Out of the Cage by Fernanda García Lao
Dallas. Deep Vellum. 2021. 168 pages.
IT IS ALWAYS cause for excitement and anticipation when a foreign writer is translated, into any language, but especially into English, where the number of translated books is woefully low. Those emotions are heightened when the translator is one whose work you admire. This is the case with Argentine author Fernanda García Lao’s Out of the Cage, translated by Will Vanderhyden.
Writing in the newspaper Página/12, Silvina Friera called García Lao “Argentine literature’s strangest writer,” adding, “No one narrates the absurd like her. There’d never been, there is no one now, and there will never be anyone like her.” As you will see, this is in no way an exaggeration.
The novel begins: “The day of my death everyone was there. Winter had paused and spun on itself like a tornado. It was a national holiday, I don’t remember which one, but we were exultant. [. . .] Somehow, an LP, careening through the air like a demented boomerang, had severed my jugular. And I didn’t understand who or what had thrown it. Maybe the bloody poetics of the line had become embodied in my throat. [. . .] My death was so unexpected and exquisite that, for a moment, nobody noticed it. Not even me.”
What follows is a bizarre family saga, narrated in first person by the disembodied (corporeal representation is central to the novel) Aurora Berro (more about her name later). García Lao’s prose is unpresuming; one might even say boring. The sentences are repetitively linear: often containing little more than a subject and predicate. There is no excess. The novel’s excess lies elsewhere: in its absurd, at times contrived, conceits (a protagonist-narrator named Aurora who is killed by a flying LP while her family sings a hymn to the Argentine flag, which, not coincidentally, is known as “Aurora”); grotesque characters that border on the ridiculous (a bicephalic child named Manfredo); and absurdist plot lines (a husband who engineers a sex robot to look like Lana Turner).
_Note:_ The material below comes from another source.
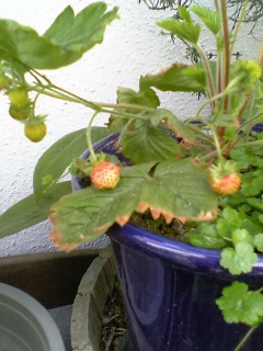 我が家の物干し、兼菜園の 小さなベランダに並んだ 鉢植えの一つ、ワイルド ストロベリーが今年も

On the surface, Out of the Cage (in the same interview with Página/12, the author declares that “it’s necessary to free oneself from physical and mental cages,” hence the novel’s title) is the story of a family and a menagerie of sideshowesque characters; it can also be read as an allegory of mid-twentieth-century Argentine political history, revolving around three key years, which also provide the novel’s structure.
The first section, titled “Aurora, 1956,” the year in which Aurora dies, is the year following the military coup that ousted Perón from power, leading to the enactment of a decree-law that banned “affirmation of Peronism.” The second section, “Norma, 1975”—which consists of a single letter in which a former model/prostitute with a “polio leg” attempts to extort the Colonel, Aurora’s widowed husband, and which also functions a transition between the first and second sections—is the year in which President Isabel Perón, under pressure (extortion?) from the military, appointed Jorge Rafael Videla commander-in-chief of the Argentine Army, an act that initiated the campaign of terror against Argentine citizens that would become known as the Dirty War. In the third section, “Severino, 1989”—which corresponds to a year of country-wide riots in Argentina—Severino, the illegitimate son of Norma and the Colonel, or perhaps his conjoined son Manfredo, replaces Aurora as the narrator-protagonist, who drives the novel toward its macabre end.
Out of the Cage is García Lao’s English-language debut, and it could have found no better translator than Will Vanderhyden, who is, in my opinion, one of the best translators working in Latin American fiction today. His translations are always clean, honest, measured, and faithful, an oft-hated and maligned concept that many translators have banished from their vocabulary. By faithful, I mean that Vanderhyden honors not just the meaning, but equally important, the style of the original text. In short, he does what the text requires, rarely imposing himself. This is not to say that he is invisible. On the contrary, the decision to leave words such as hipertensas [hypertensives] and deformes [deformed ones] in Spanish and italicized, along with additions such as “careening through the air,” which does not appear in the original, and the somewhat anachronistic use of “turntable” for the Spanish “tocadiscos” [record player], all mark the presence of a translator. These examples, however, are exceptions. Out of the Cage is the first novel by a female author Vanderhyden has translated.
In 2011, at the Guadalajara International Book Fair, García Lao was named “one of the best kept secrets of Latin American Literature.” With the publication of Out of the Cage that is longer be the case. Vanderhyden, who has a penchant for translating multiple novels by the same author, is currently translating García Lao’s Nación vacuna [Vaccine nation]. My guess is another will follow. I have no doubt they’ll find a home.
Postscript: In the section labeled “Norma, 1975,” we read: “It seems that in writing, you discover yourself, even if what comes out is ugly. The excavation of ideas is ugly.” One cannot help but believe that the author is speaking vicariously through her character. What is certain is that these sentences will serve as an epigraph for novels going forward.